JUSTICE. L’arrêt Jordan, qui impose des limites de temps aux procédures judiciaires, a provoqué l’arrêt des procédures judiciaires d’un présumé agresseur sexuel, vendredi, au Palais de justice de Drummondville.
Le juge Gilles Lafrenière a décidé de mettre fin aux procédures judiciaires, dans le dossier de Denis Yergeau qui demeure à Magog.
Le magistrat s’est appuyé sur la décision de la Cour Suprême du Canada rendue en 2008 qui limite la durée raisonnable des procédures judiciaires à un maximum de 18 à 30 mois, et ce, depuis juillet 2016. Le juge a noté que la poursuite est responsable des délais de plus de 78 mois, soit 2358 jours dans le dossier de Denis Yergeau.
Ce dernier, âgé de 72 ans, était accusé de quatre infractions à caractère sexuel sur une victime de moins de 16 ans. Les gestes reprochés se seraient produits entre le 17 mars 2006 et le 17 mars 2009. Les accusations ont été déposées le 23 juin 2008. L’accusé a ensuite été arrêté pour une première fois le 4 juillet 2008 à son domicile qui était à Drummondville.

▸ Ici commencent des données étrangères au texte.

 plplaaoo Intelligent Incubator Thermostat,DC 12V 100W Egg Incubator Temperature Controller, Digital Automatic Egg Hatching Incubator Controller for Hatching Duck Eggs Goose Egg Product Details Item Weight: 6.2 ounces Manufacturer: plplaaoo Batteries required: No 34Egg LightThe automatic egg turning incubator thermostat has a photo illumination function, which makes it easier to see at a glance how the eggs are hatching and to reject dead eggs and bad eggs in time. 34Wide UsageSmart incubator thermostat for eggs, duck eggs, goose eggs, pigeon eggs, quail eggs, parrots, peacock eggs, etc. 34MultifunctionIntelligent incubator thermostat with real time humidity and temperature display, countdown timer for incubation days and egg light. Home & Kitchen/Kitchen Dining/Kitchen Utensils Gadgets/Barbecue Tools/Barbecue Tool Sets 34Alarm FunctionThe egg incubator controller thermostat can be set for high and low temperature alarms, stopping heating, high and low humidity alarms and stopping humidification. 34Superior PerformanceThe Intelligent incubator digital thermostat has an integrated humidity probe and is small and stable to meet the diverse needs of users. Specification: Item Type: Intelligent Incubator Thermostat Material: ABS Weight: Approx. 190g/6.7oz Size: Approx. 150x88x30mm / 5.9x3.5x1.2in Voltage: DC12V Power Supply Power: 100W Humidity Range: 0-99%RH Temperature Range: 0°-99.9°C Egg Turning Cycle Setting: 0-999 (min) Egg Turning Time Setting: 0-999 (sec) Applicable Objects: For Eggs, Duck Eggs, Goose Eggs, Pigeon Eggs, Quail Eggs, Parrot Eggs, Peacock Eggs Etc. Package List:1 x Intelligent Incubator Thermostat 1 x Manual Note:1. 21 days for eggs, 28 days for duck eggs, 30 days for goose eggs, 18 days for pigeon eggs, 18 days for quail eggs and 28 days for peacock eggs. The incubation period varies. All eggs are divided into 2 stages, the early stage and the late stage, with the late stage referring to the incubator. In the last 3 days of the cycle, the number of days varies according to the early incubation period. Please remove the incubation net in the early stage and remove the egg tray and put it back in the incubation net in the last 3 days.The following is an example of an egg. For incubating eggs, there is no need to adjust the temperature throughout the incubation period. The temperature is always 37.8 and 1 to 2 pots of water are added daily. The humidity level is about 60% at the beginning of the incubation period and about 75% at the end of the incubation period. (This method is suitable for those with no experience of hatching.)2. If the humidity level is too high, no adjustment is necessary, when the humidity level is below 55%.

Après avoir entrepris une thérapie en décembre 2009, son avocat a reporté le dossier, le temps que Denis Yergeau la termine. Or, le principal intéressé a quitté la thérapie sans en aviser son avocat. Il a également omis d’aviser les autorités de son changement d’adresse.
Les procédures
Le 20 mars 2009, un mandat d’arrestation est déposé contre Denis Yergeau, sans qu’il en soit informé. En juillet 2010, il fait finalement son changement d’adresse à Magog. Par la suite, pendant deux ans et demi, aucune démarche n’a été faite par les autorités pour le retrouver.

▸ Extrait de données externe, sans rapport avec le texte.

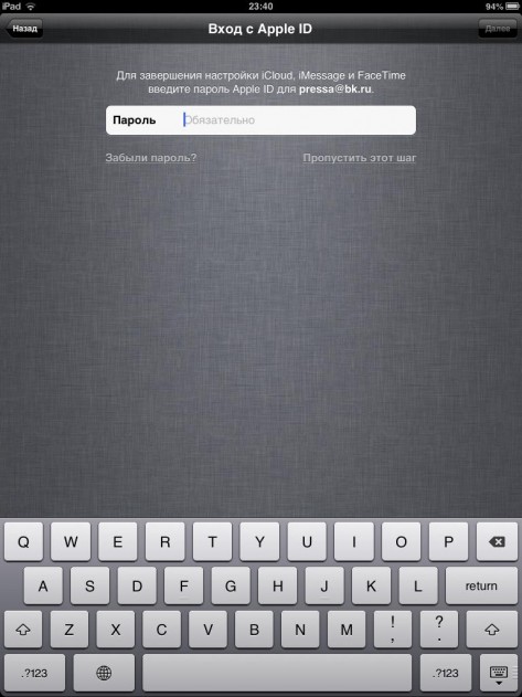 Далее необходимо было провести авторизацию Apple ID, обновить iCloud и на этом все.

Une policière qui était responsable de ce dossier avait fait savoir au Tribunal que les policiers n’étaient pas toujours informés lorsqu’un accusé ne se présentait pas devant le juge et qu’il y avait un mandat d’arrestation envers ce dernier. Cette policière responsable du dossier n’avait pas été en mesure de le mener à terme, puisqu’elle a quitté le travail pendant un an et demi, en raison d’un cancer. Aucun suivi n’avait été fait par les autorités. Le Tribunal a convenu que de simples démarches judiciaires auraient permis de le retracer.
Le Tribunal a reconnu que l’accusé était responsable des délais pendant 460 jours, suivant le mandat d’arrestation, du 20 mars 2009 au 30 juin 2010. En soustrayant les délais pour la défense, le juge conclut que la poursuite est responsable d’un délai de plus de 78 mois.
Le juge a rappelé que la durée raisonnable d’un procès est importante pour s’assurer la confiance de la population envers le système judiciaire. Il a également souligné qu’un accusé est innocent jusqu’à preuve du contraire et que celui-ci a droit à un procès équitable.
Une bonne nouvelle, estime l’avocat de la défense
Me. Marc-André Beaulieu qui représentait l’accusé se réjouit de la décision du juge Gilles Lafrenière.
«À Drummondville, à ma connaissance, il n’y a pas eu d’autre arrêt Jordan, mentionne-t-il. On n’a pas de problème de délais habituellement ici. Ce que cette décision vient dire aux Tribunaux, c’est qu’il faut que les dossiers avancent rapidement. C’est important pour la société. C’est sûr qu’une personne en attente d’un dossier comme celui-là va en souffrir psychologiquement. Je suis d’accord avec le juge, quand ça s’éternise comme ça, autant l’accusé que les plaignants ne peuvent pas passer à autre chose».